Using the entries below, copy exactly each line from the line with "Summit White 2018" up to and including the line with "1、首先可進入我的界面,可查", with every picture left out.

Material to process ::
□ □ □ □

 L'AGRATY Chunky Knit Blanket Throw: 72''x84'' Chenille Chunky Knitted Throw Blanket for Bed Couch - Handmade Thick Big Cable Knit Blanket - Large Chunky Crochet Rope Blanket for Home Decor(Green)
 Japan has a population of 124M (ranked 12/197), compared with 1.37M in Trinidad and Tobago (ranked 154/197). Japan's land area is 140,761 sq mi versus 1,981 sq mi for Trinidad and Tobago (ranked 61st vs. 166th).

□ □ □ □

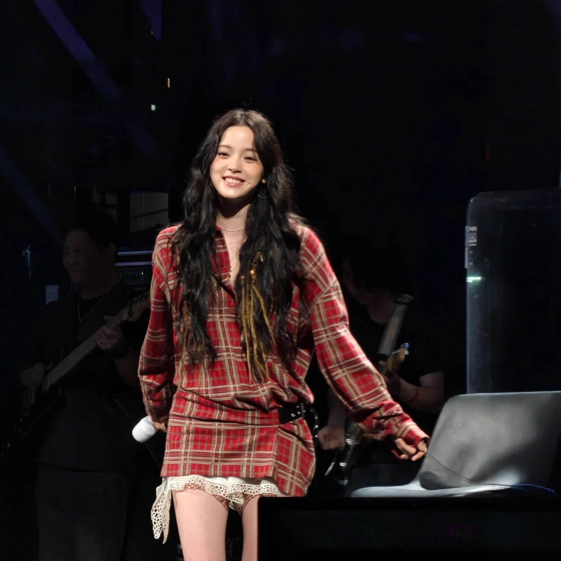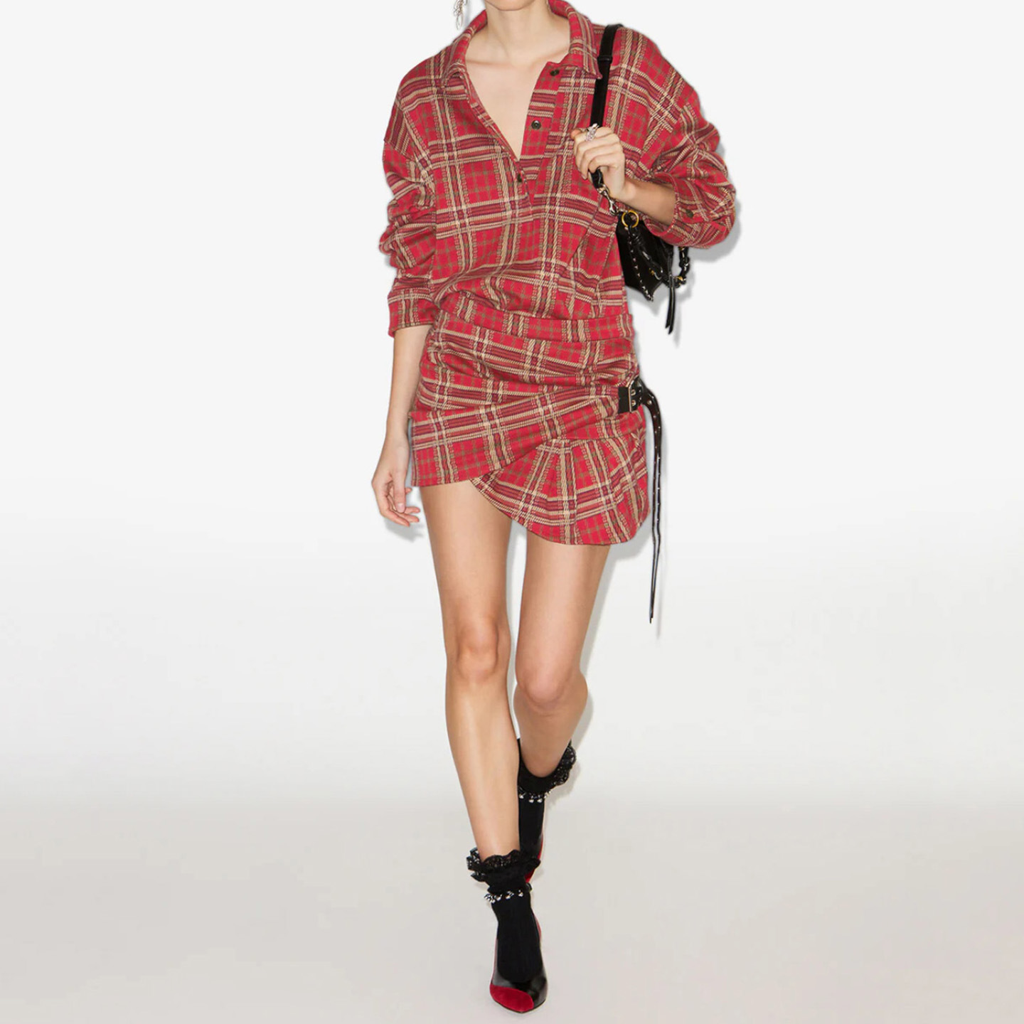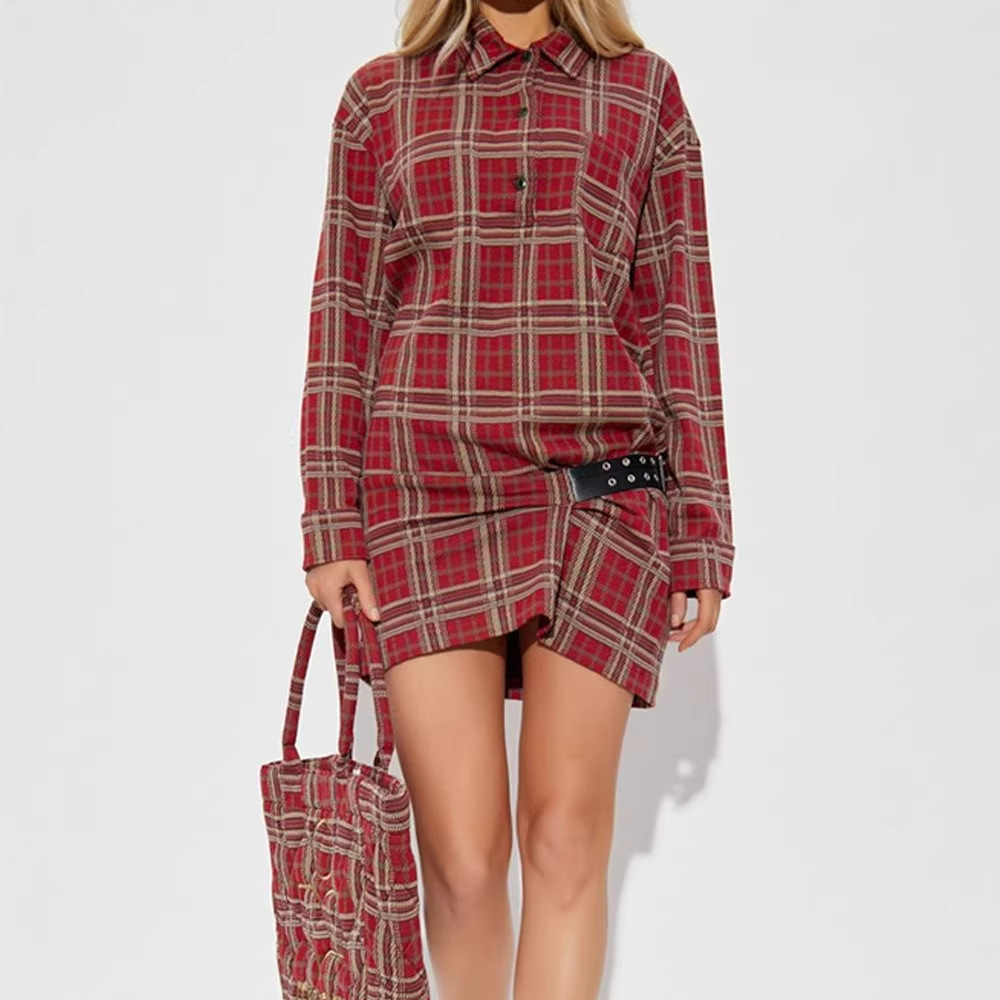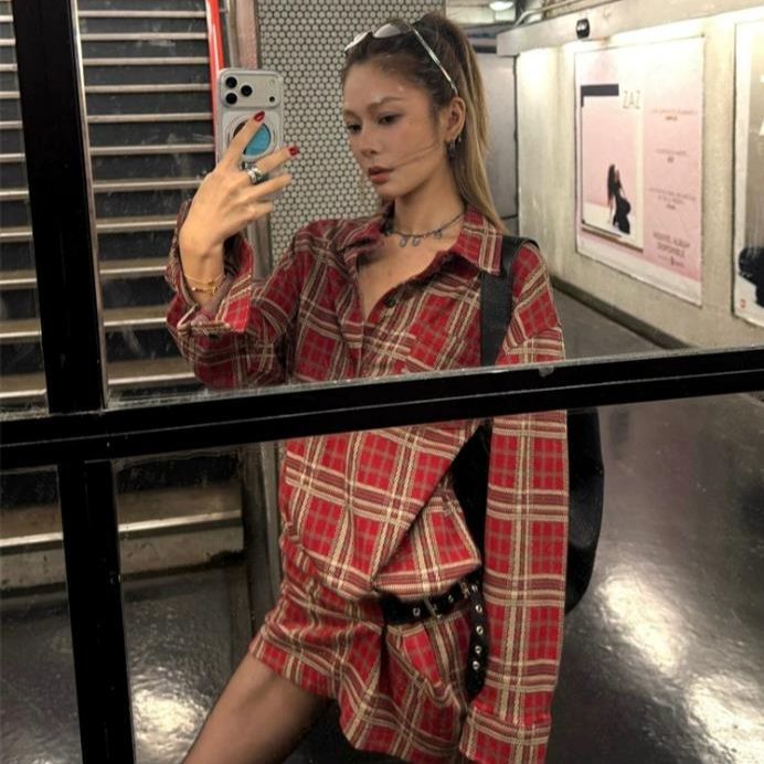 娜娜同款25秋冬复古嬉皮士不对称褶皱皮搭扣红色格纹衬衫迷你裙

□ □ □ □

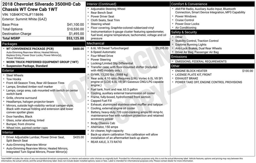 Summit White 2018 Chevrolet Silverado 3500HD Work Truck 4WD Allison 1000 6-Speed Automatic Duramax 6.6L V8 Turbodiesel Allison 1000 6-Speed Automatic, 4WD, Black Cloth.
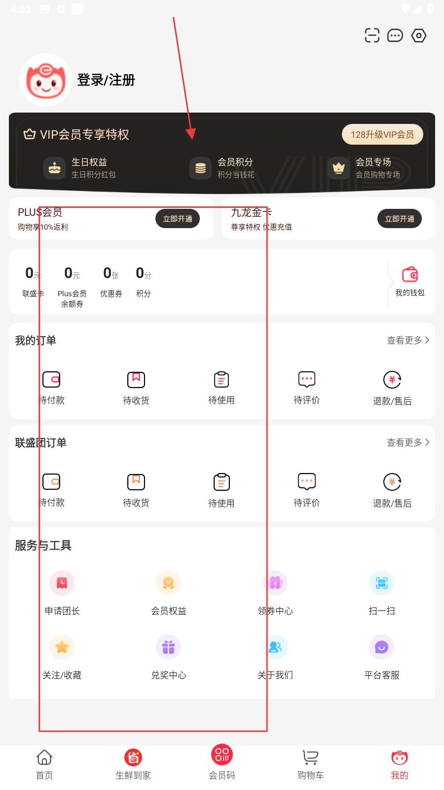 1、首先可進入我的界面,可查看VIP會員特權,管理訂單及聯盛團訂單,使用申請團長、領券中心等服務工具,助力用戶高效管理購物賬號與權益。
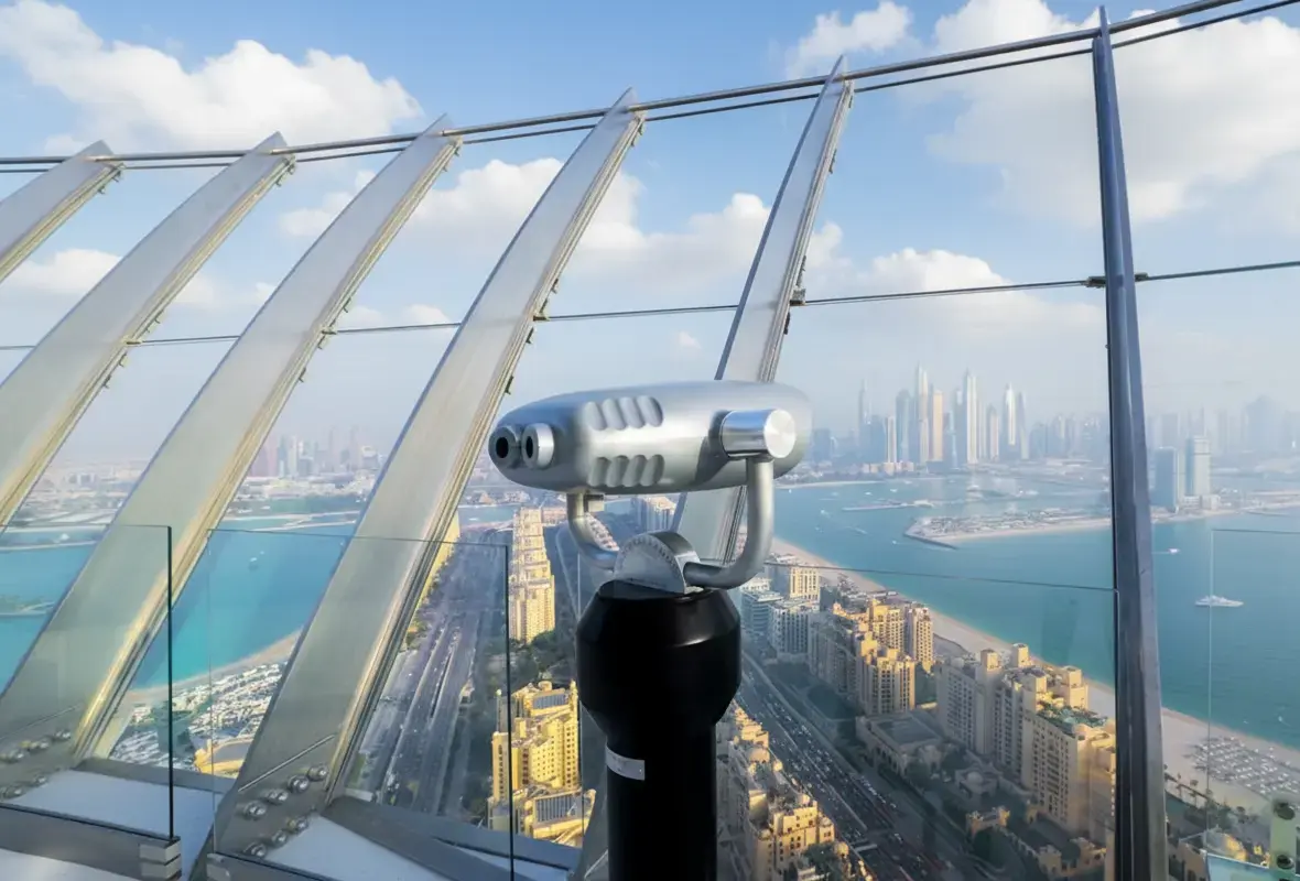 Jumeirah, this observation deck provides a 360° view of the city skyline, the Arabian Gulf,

□ □ □ □

Task solution ::
 Summit White 2018 Chevrolet Silverado 3500HD Work Truck 4WD Allison 1000 6-Speed Automatic Duramax 6.6L V8 Turbodiesel Allison 1000 6-Speed Automatic, 4WD, Black Cloth.
 1、首先可進入我的界面,可查看VIP會員特權,管理訂單及聯盛團訂單,使用申請團長、領券中心等服務工具,助力用戶高效管理購物賬號與權益。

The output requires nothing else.